Assignment: Could you repeat exactly the lines below, from the line containing "Figure 4. Binocular" through the last one, both included, while leaving out any pictures?

Data extract:
*** Begin section ***
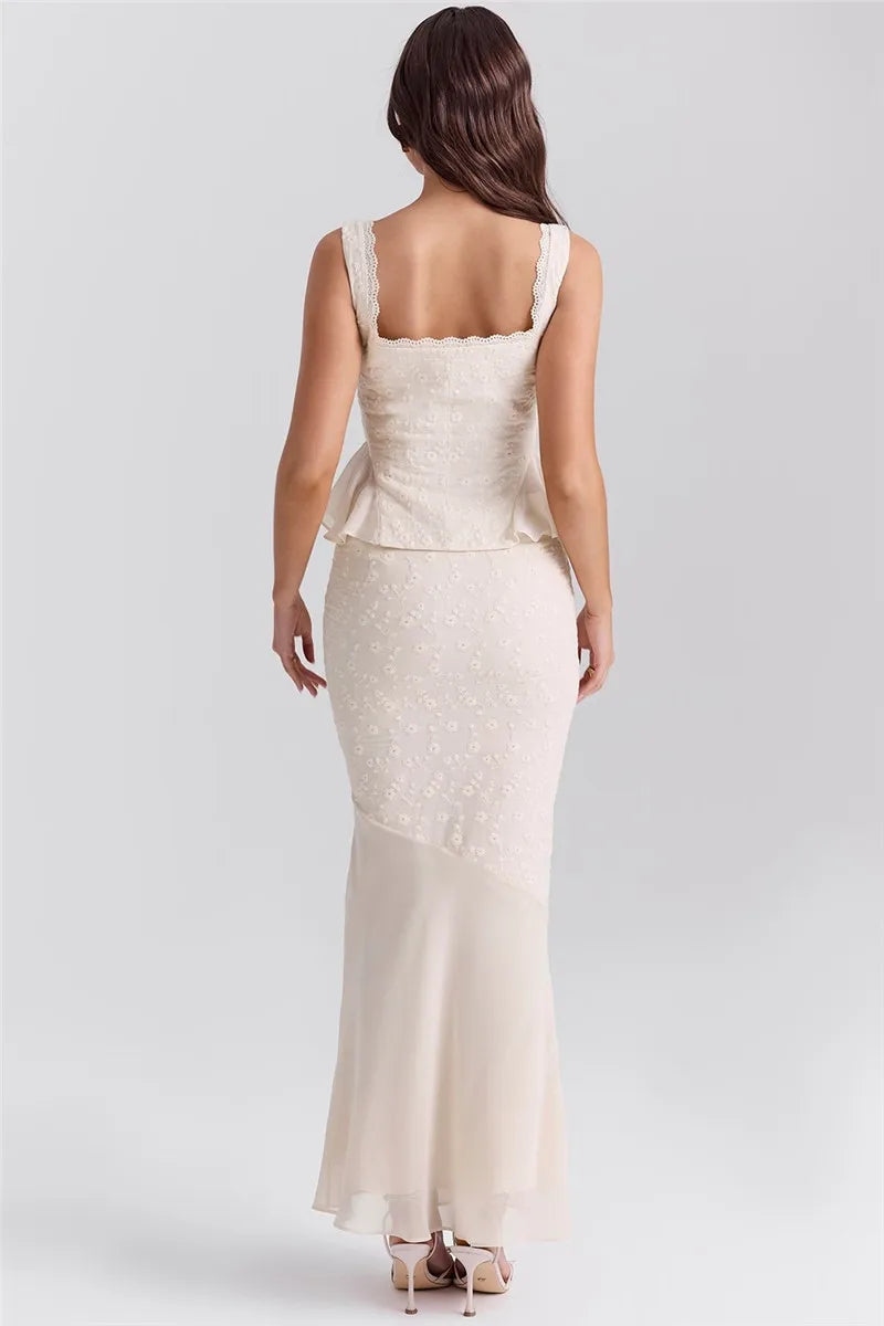 A perfect blend of sophistication and contemporary style. This set, featuring a long skirt and a sleeveless top, is designed to make you look effortlessly chic and elegant for any occasion.
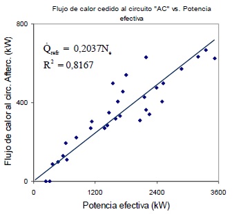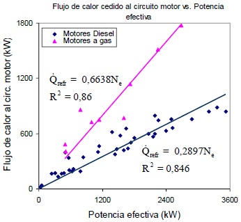 Observando las tendencias de control de la combustión y de la renovación de la carga del motor Diesel, y la gestión térmica en general del motor, la descomposición porcentual de la energía suministrada con el combustible en condiciones nominales de operación para el nivel de perfeccionamiento actual de los motores Diesel, se acerca a la descrita en la Figura 1. La figura incorpora las disipaciones de calor al refrigerante en los enfriadores de los gases de escape recirculados al cilindro y en el enfriador del aire (mezcla de gases) de admisión. El calor disipado a través de las paredes externas del motor no es fácil de evaluar. Procesando información provista en catálogos comerciales de grupos electrógenos, se han obtenido las gráficas mostradas en las Figuras 2 y 3, en las que se relaciona el calor disipado al refrigerante de algunos motores comerciales, discriminando los calores disipados directamente al sistema de refrigeración del motor y al posenfriador del aire de admisión.
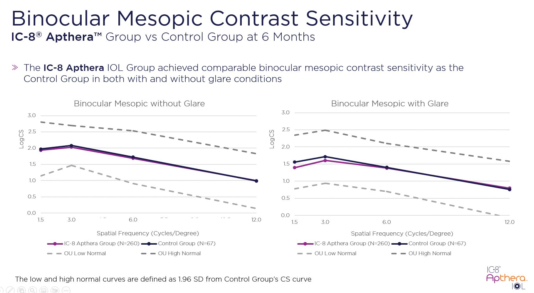 Figure 4. Binocular mesopic contrast sensitivity in both with and without glare conditions for Apthera IOL patients vs control group patients with bilateral monofocal IOLs. (Images courtesy of AcuFocus)
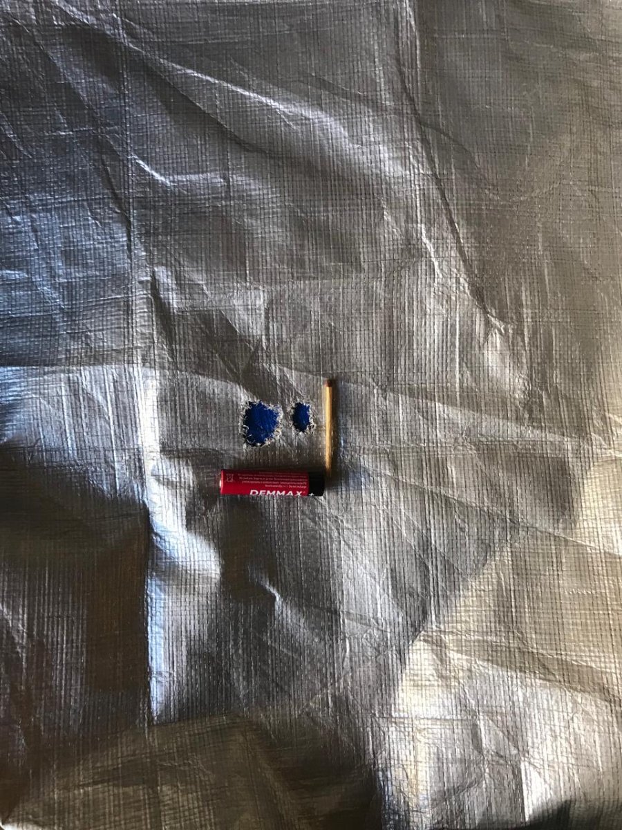 В последней поездке,после крайней ночёвки,утром обнаружил дырку в полу. Пользовался искрозащитный ковриком для Согра уже лет пять,такого не было не разу и на тебе. Предполагаю ,когда сушил утром палатку и пол тёплый,печка Дюна-3 работала на форсаже,она ниже чем Согра,коврик искрозащитный имел повреждение посередине,годы берут своё. И вот итог,фото прилагаю.
*** End section ***
Result:
 Figure 4. Binocular mesopic contrast sensitivity in both with and without glare conditions for Apthera IOL patients vs control group patients with bilateral monofocal IOLs. (Images courtesy of AcuFocus)
 В последней поездке,после крайней ночёвки,утром обнаружил дырку в полу. Пользовался искрозащитный ковриком для Согра уже лет пять,такого не было не разу и на тебе. Предполагаю ,когда сушил утром палатку и пол тёплый,печка Дюна-3 работала на форсаже,она ниже чем Согра,коврик искрозащитный имел повреждение посередине,годы берут своё. И вот итог,фото прилагаю.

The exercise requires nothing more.